» **Given data**:

((

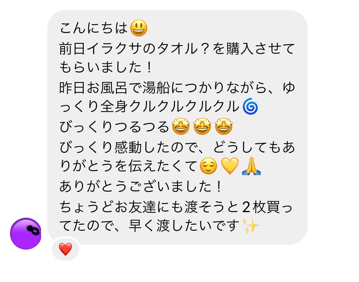 前日イラクサのタオル?を購入させてもらいました!昨日お風呂で湯船につかりながら、ゆっくり全身クルクルクルクル
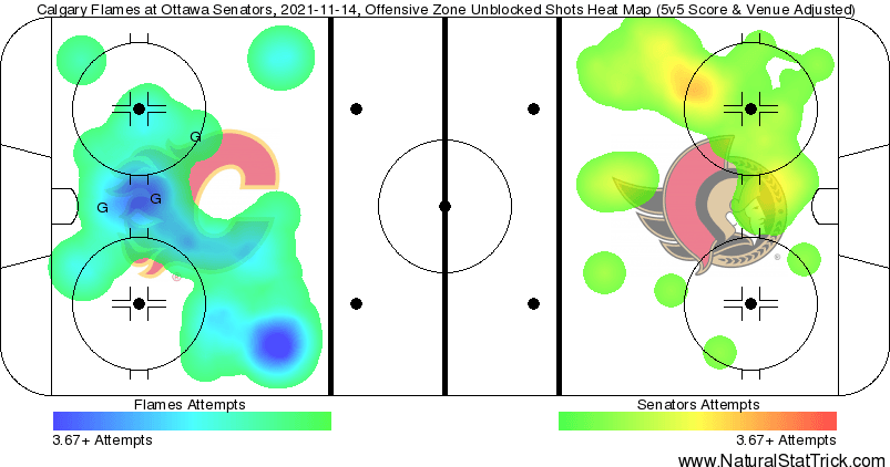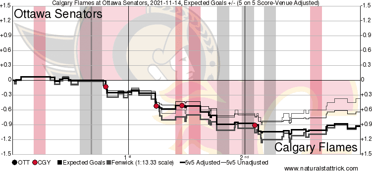 You can pinpoint the areas where Calgary applied severe pressure to the Sens and it’s great that it was rewarded in both instances with goals. Not immensely pretty goals, but well earned. Honestly though, a decent experience for a few young Senators to come up and experience some extended NHL action isn’t a bad thing for them. When they go back to the AHL (and most will) they’ll know what it takes to play at this level going forward – thanks to Calgary anyways.
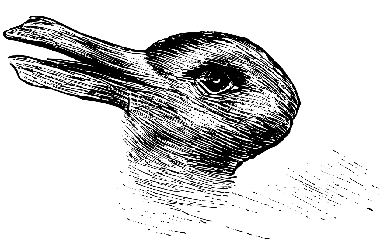 アヒルとウサギの古典的なスケッチを例えとして用いています。この絵は曖昧なので、見る人はそれをアヒルにもウサギにも見ることができます。同じように、ある世代の科学者がまったく同じ証拠を次の世代の科学者とはまったく異なる方法で解釈できることを理解できます。たとえば、初期の天文学者は夜空を見てアヒルを見ました(固定された地球の周りを回る天体)が、その後、コペルニクスとガリレオの天文学者はまったく同じ夜空を見てウサギを見ました(太陽の周りを回る回転する地球からの視点)。

))

» **Description of the task**: The listing is to be repeated exactly, with its pictures removed.

» **Exercise answer**:
 前日イラクサのタオル?を購入させてもらいました!昨日お風呂で湯船につかりながら、ゆっくり全身クルクルクルクル
 You can pinpoint the areas where Calgary applied severe pressure to the Sens and it’s great that it was rewarded in both instances with goals. Not immensely pretty goals, but well earned. Honestly though, a decent experience for a few young Senators to come up and experience some extended NHL action isn’t a bad thing for them. When they go back to the AHL (and most will) they’ll know what it takes to play at this level going forward – thanks to Calgary anyways.
 アヒルとウサギの古典的なスケッチを例えとして用いています。この絵は曖昧なので、見る人はそれをアヒルにもウサギにも見ることができます。同じように、ある世代の科学者がまったく同じ証拠を次の世代の科学者とはまったく異なる方法で解釈できることを理解できます。たとえば、初期の天文学者は夜空を見てアヒルを見ました(固定された地球の周りを回る天体)が、その後、コペルニクスとガリレオの天文学者はまったく同じ夜空を見てウサギを見ました(太陽の周りを回る回転する地球からの視点)。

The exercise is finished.